▶ _WHAT TO WORK ON_:
In the records below, the relevant part opens with the line containing "proteggendo poco mani." and closes with the line containing "また、⑥西村選手、コース的にも舟足的にもやはり厳しい。ここは切っていきます。"; print that part exactly and only, without its pictures.

Segment Start: EXCERPTED RECORDS

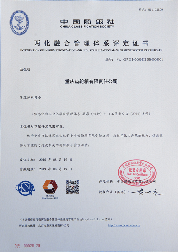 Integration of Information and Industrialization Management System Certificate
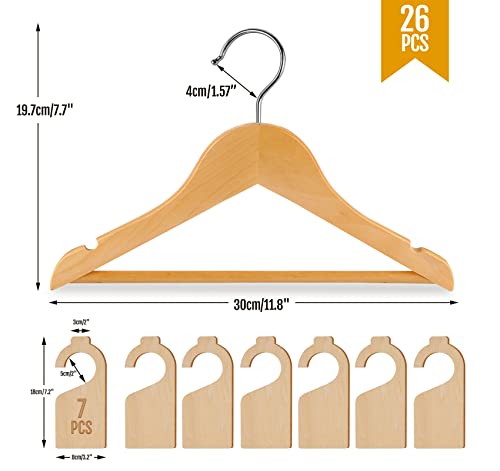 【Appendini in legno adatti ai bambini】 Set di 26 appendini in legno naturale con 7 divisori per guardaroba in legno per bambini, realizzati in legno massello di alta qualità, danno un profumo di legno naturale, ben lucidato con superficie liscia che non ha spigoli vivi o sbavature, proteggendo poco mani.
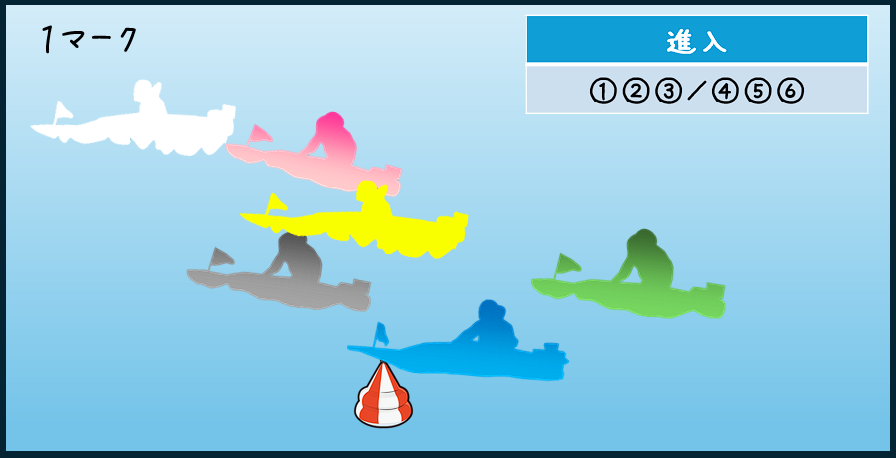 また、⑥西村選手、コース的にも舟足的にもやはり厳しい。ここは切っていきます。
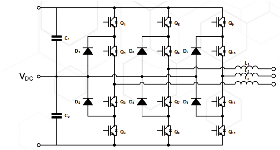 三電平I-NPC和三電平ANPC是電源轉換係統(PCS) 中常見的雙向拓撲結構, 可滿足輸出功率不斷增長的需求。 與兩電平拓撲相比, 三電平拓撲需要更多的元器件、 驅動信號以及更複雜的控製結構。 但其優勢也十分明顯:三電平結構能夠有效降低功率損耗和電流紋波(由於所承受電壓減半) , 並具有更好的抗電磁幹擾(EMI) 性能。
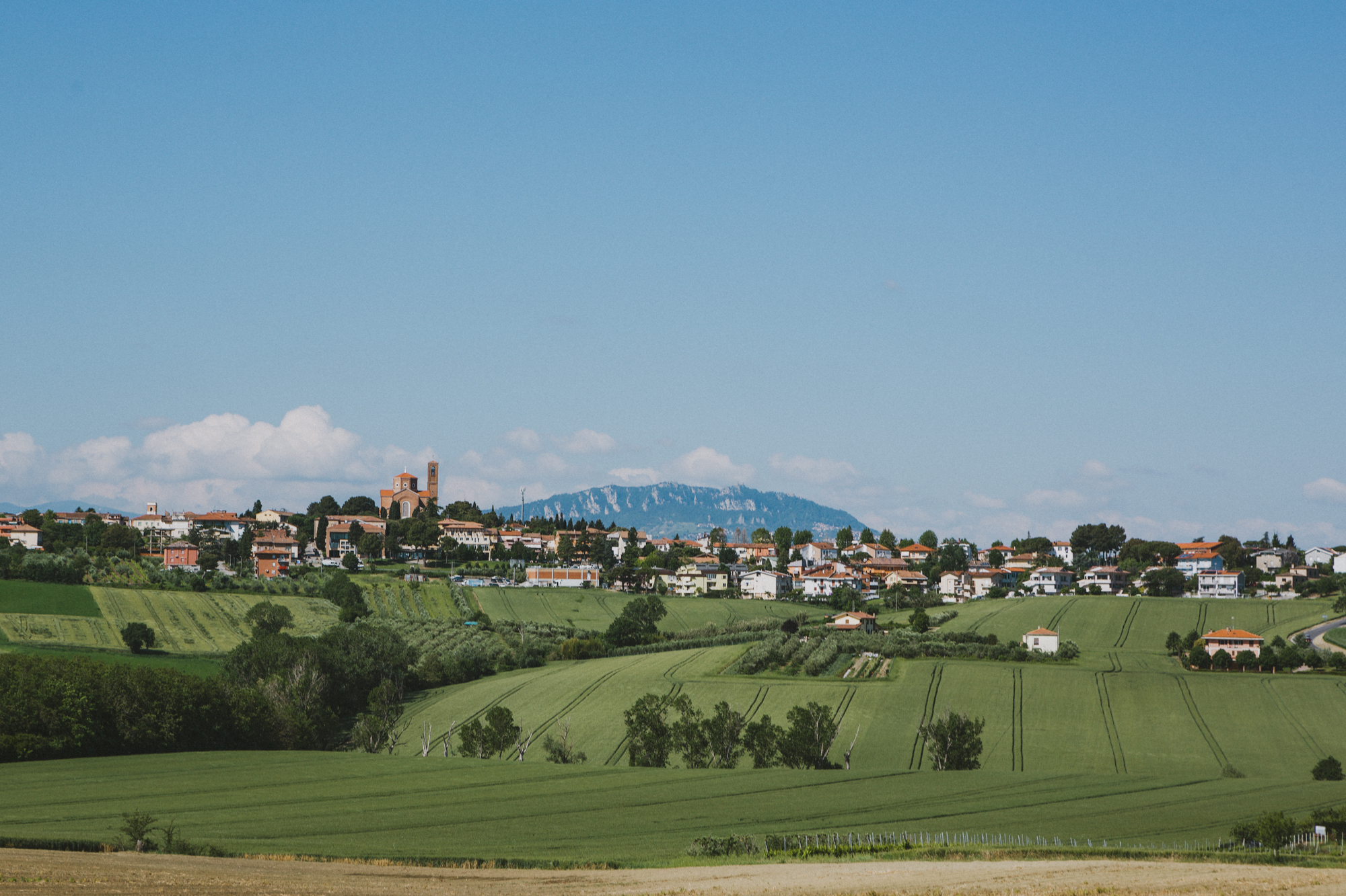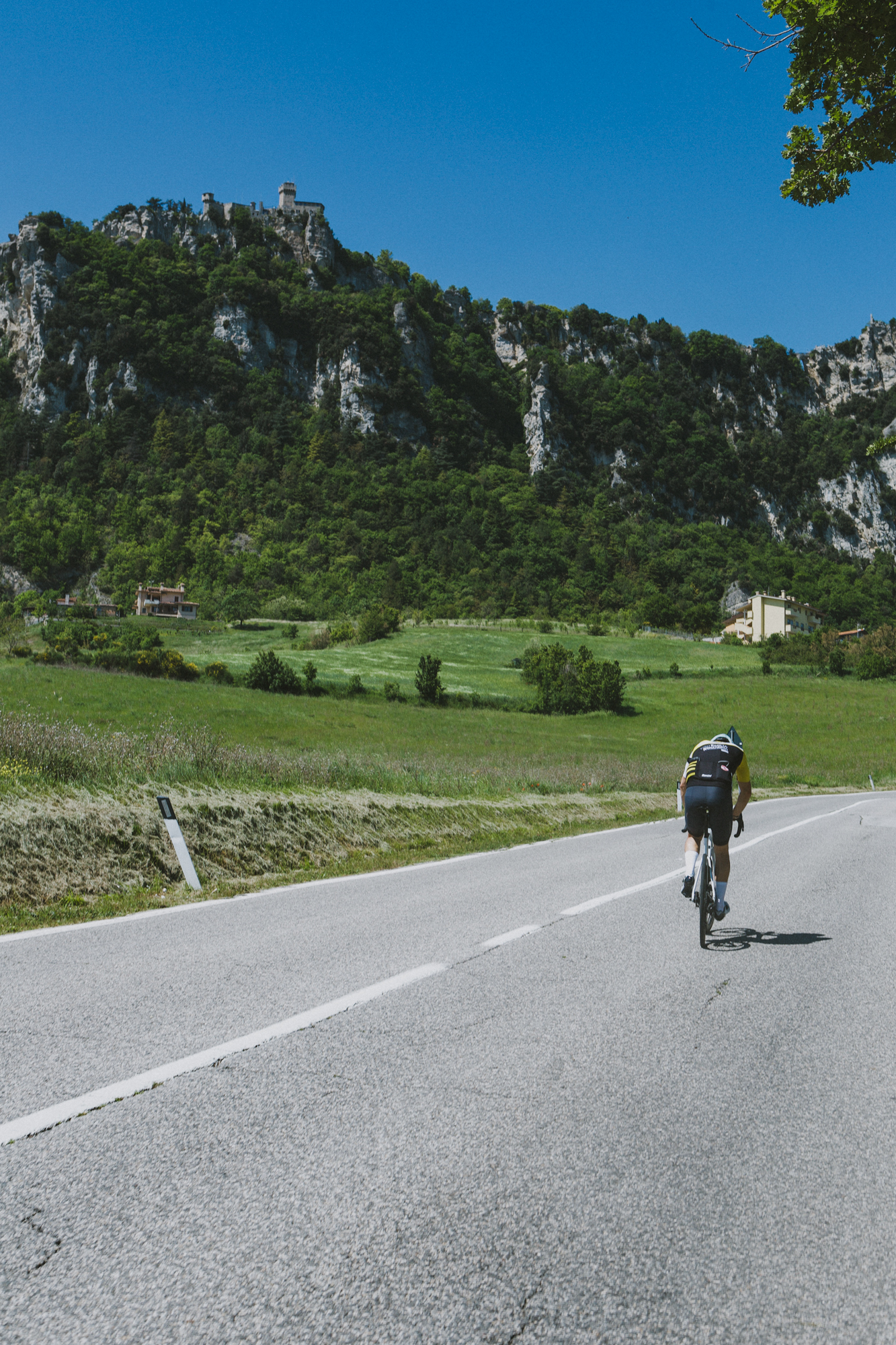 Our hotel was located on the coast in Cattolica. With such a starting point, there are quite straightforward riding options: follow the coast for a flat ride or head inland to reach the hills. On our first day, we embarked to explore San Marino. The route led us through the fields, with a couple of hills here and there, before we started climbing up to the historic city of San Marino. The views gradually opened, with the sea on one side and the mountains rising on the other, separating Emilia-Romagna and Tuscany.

Segment End: EXCERPTED RECORDS

▶ _YOUR RESPONSE_:
 【Appendini in legno adatti ai bambini】 Set di 26 appendini in legno naturale con 7 divisori per guardaroba in legno per bambini, realizzati in legno massello di alta qualità, danno un profumo di legno naturale, ben lucidato con superficie liscia che non ha spigoli vivi o sbavature, proteggendo poco mani.
 また、⑥西村選手、コース的にも舟足的にもやはり厳しい。ここは切っていきます。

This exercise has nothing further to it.